§ EXERCISE DETAILS:
Using the data below, output a verbatim copy of the lines between the one holding "Дизайнерские входные группы, с" and the one holding "기념촬영을 하고 있다. | ||", inclusive, without any pictures.

§ DATA EXCERPTS:
● ● ●

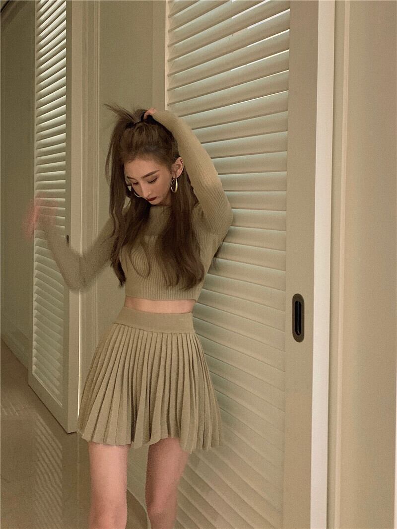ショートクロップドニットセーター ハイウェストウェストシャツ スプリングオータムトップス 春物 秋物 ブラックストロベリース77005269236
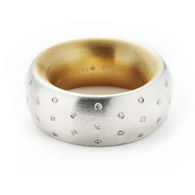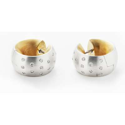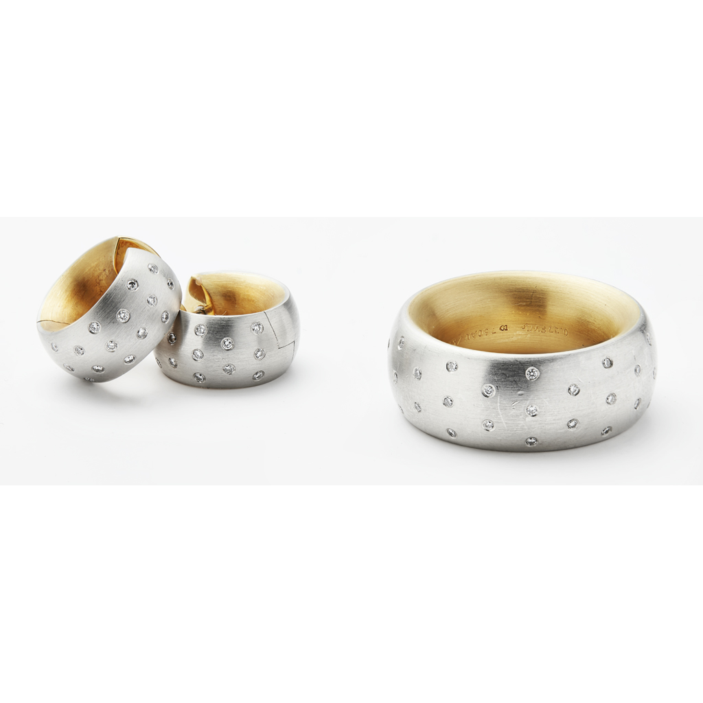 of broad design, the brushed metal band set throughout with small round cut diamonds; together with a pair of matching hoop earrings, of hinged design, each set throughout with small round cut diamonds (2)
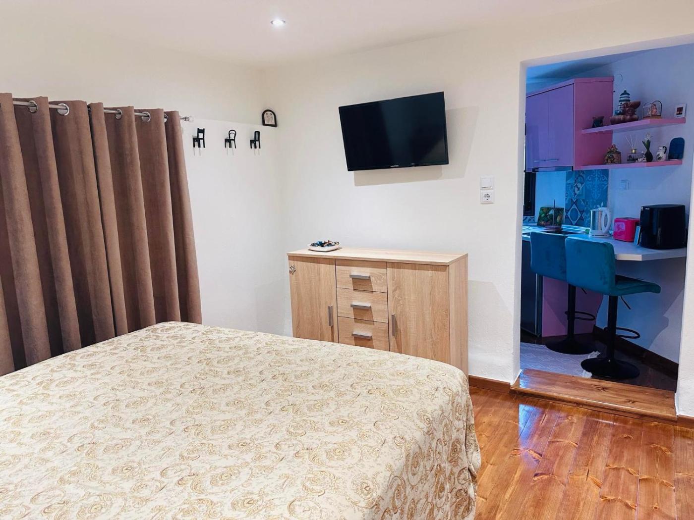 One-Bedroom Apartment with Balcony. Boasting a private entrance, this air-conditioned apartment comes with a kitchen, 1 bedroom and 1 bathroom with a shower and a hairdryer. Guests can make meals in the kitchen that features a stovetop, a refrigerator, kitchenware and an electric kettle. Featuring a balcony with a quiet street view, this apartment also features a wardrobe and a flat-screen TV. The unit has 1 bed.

● ● ●

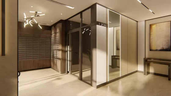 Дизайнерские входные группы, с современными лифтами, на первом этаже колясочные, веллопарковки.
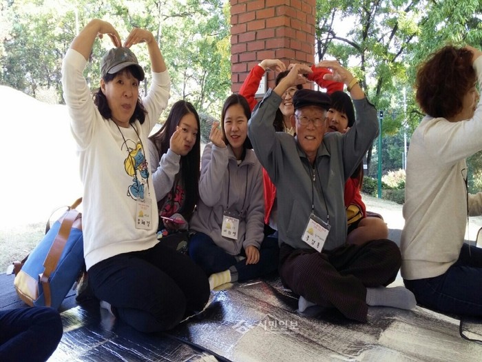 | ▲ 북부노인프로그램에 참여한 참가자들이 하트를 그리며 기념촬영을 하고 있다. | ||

● ● ●

§ SOLUTION TO THIS EXERCISE:
 Дизайнерские входные группы, с современными лифтами, на первом этаже колясочные, веллопарковки.
 | ▲ 북부노인프로그램에 참여한 참가자들이 하트를 그리며 기념촬영을 하고 있다. | ||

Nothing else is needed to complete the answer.